- **WORK INSTRUCTIONS**:
After locating the line with "Sweetheart Neck Pleated" below, output it and each following line exactly, stopping after the line with "Place 4 slices". No pictures.

Items from a data source:
=-=-=

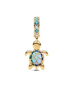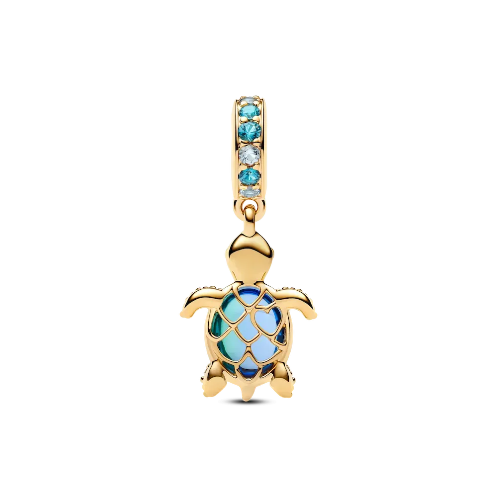 Celebrate the beauty of the deep blue sea with this sea turtle charm, featuring a peacock Murano glass shell, shimmering crystals and a cut-out pattern that shines through.
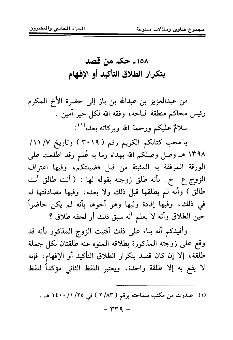 من عبد العزيز بن عبد الله بن باز إلى حضرة الأخ المكرم رئيس محاكم منطقة الباحة، وفقه الله لكل خير، آمين.
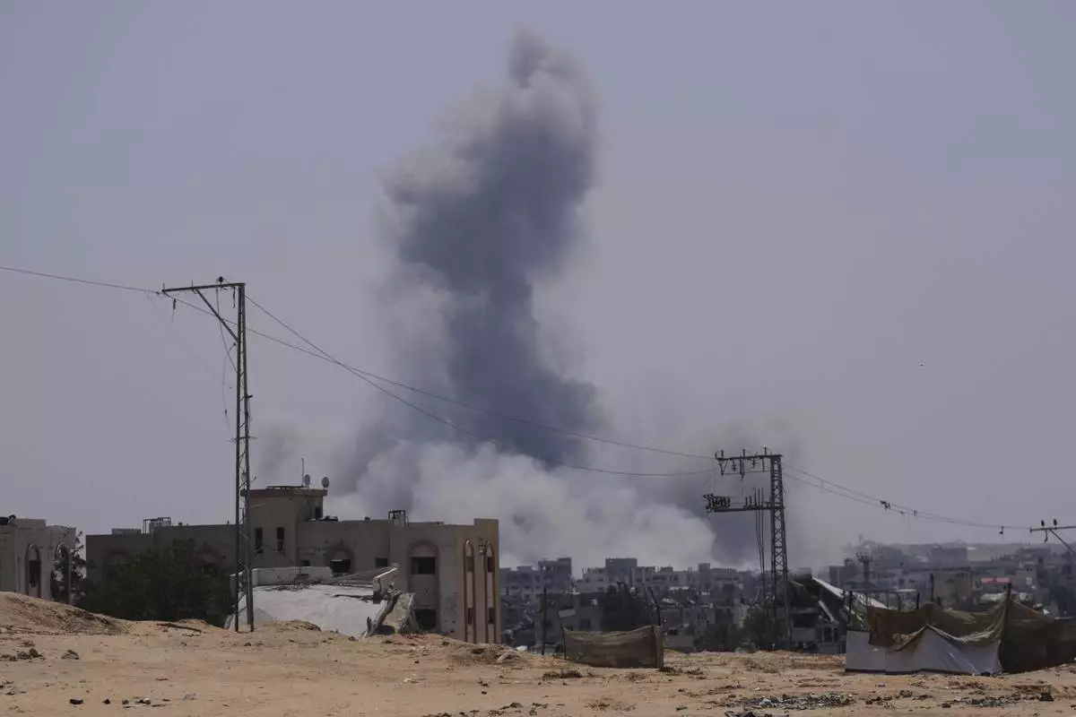 Smoke rises from an Israeli army airstrike east of Khan Younis, Gaza, Sunday, June 8, 2025. (AP Photo/Abdel Kareem Hana)
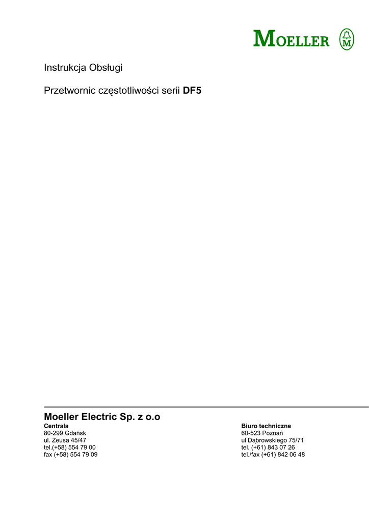 Instrukcja Obsługi Przetwornic częstotliwości serii DF5 Moeller
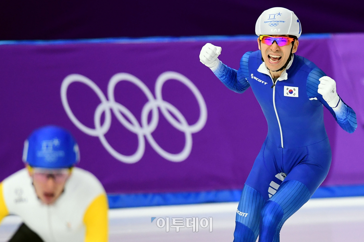 24일 강원도 강릉스피드스케이팅 경기장에서 열린 2018 평창동계올림픽 스피드스케이팅 남자 매스스타트 결승에서 금메달을 거머쥔 이승훈이 포효하고 있다. 이동근 기자 foto@
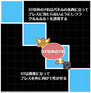 全員②のパネルに集まって(MTは「女王の舞い」の詠唱中に)「クルルルル!」を南東側へ撃ってくるよう誘導する。
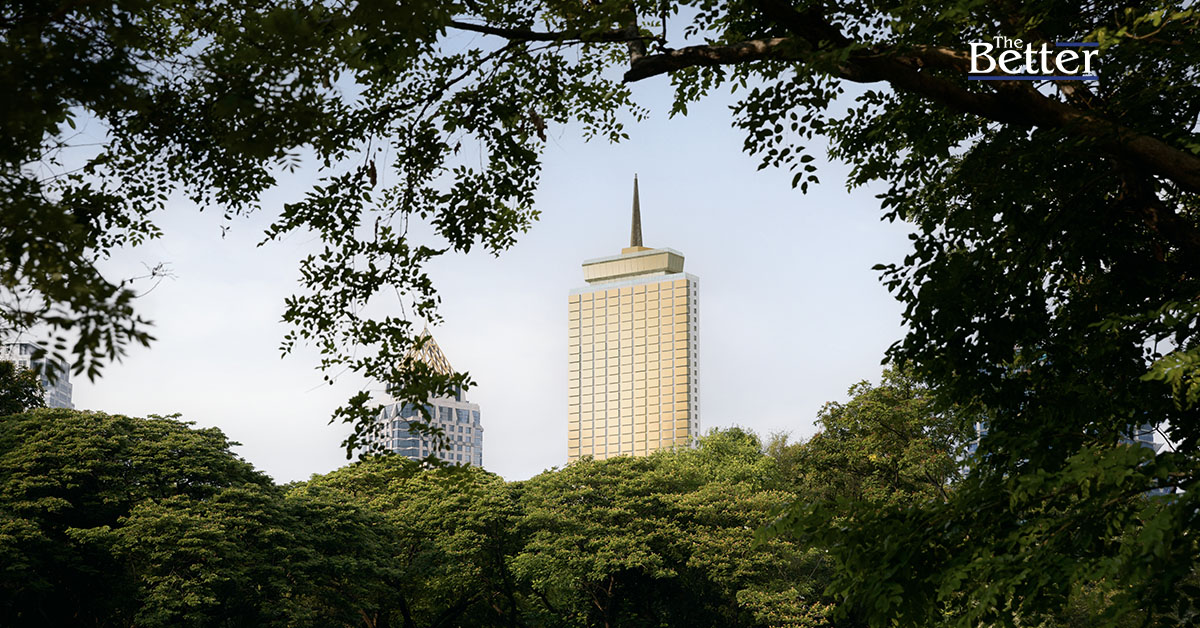 โดยนำจุดเด่นเหล่านั้นมาประยุกต์ ดัดแปลง ให้กลายเป็นชิ้นงาน ใหม่ ๆ ที่นำเสนอความเป็นไทยที่มีความร่วมสมัยเหนือกาลเวลาในหลากหลายมิติ ตั้งแต่ชั้นล่างสุดไปจนถึงยอดตึก เช่น การใช้โทนสีแบบไทย หรือ Thai Tone เพื่อส่งมอบความอบอุ่นสบายให้กับแขก หรือเน้นการใช้สีเขียว เพื่อสะท้อนจุดที่ตั้งของโรงแรมที่อยู่ตรงข้ามสวนลุมพินี ซึ่งเป็นพื้นที่สีเขียวของกรุงเทพ
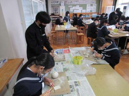 学校のようす 公開日 2022/12/15 更新日 2022/12/15 最近の水中の様子 <写真上>3年数学 円周角の定理 <写真中>3年数学 円周角の定理 <写真下>1年美術 リンゴをテーマにした塑造
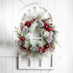 Deals ๐ฅ Glitzhome® Wooden Window Frame with Flocked Pinecone & Ornament Wreath โญ
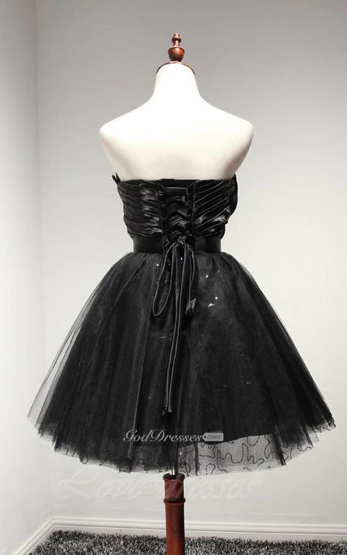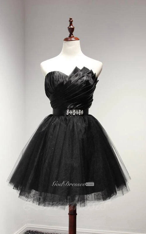 Sweetheart Neck Pleated Short Tulle Cocktail Dresses
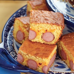 Place 4 slices of American cheese evenly over the hotdogs,and then cover all with the remaining 2/3 of the batter. Bake for 30-35 minutes, until the top has browned well and a toothpick inserted into the center comes out clean. Let cool 5 minutes before slicing. Serve with ketchup or mustard, as you would eat an ordinary corn dog.
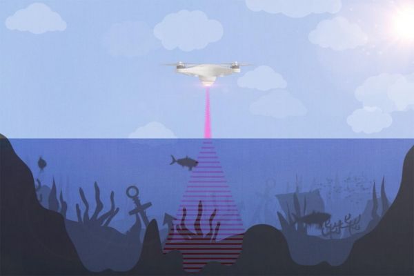Image: An artist's rendition of the photoacoustic airborne sonar system operating from a drone to sense and image underwater objects. (Credit: Kindea Labs)
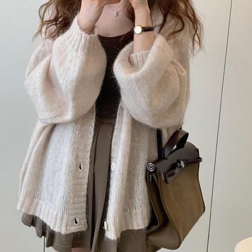 Bornladies 여성용 새 니트 카디건 긴 소매 o 넥 버튼 루즈핏 소프트 모헤어 블렌드 봄 가을 패션 스웨터
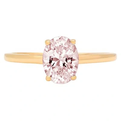Pre-owned 1ct Oval Cut Vvs1 Simulated Pink Diamond Promise Designer Ring 14k Yellow Gold
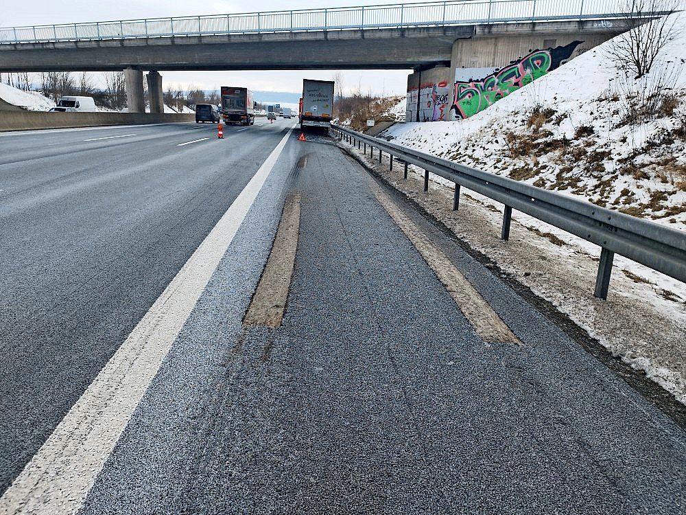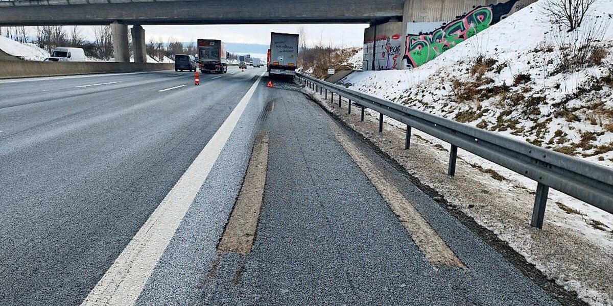 Wie berichtet, spielte sich der Vorfall am Dienstag auf der Autobahn nahe Bockenem ab. Gegen 12 Uhr war ein 51-jähriger Fahrer eines Sattelzugs aus Gießen in Richtung Norden unterwegs, als er zwischen Rhüden und Bockenem bemerkte, wie sich die Stützen an dem Auflieger in voller Fahrt ausfuhren – den bisherigen Erkenntnissen der Polizei zufolge mutmaßlich wegen eines technischen Defekts. Der Fahrer lenkte den Sattelzug geistesgegenwärtig auf den Standstreifen, erst hier setzten die Stützen schließlich auf dem Asphalt auf und rissen ihn auf einer Länge von mehreren Metern auf. „Die Risse sind schon so etwa fünf Zentimeter tief“, verdeutlicht Eisebitt.

=-=-=

- **REPLY TO THE TASK**:
 Sweetheart Neck Pleated Short Tulle Cocktail Dresses
 Place 4 slices of American cheese evenly over the hotdogs,and then cover all with the remaining 2/3 of the batter. Bake for 30-35 minutes, until the top has browned well and a toothpick inserted into the center comes out clean. Let cool 5 minutes before slicing. Serve with ketchup or mustard, as you would eat an ordinary corn dog.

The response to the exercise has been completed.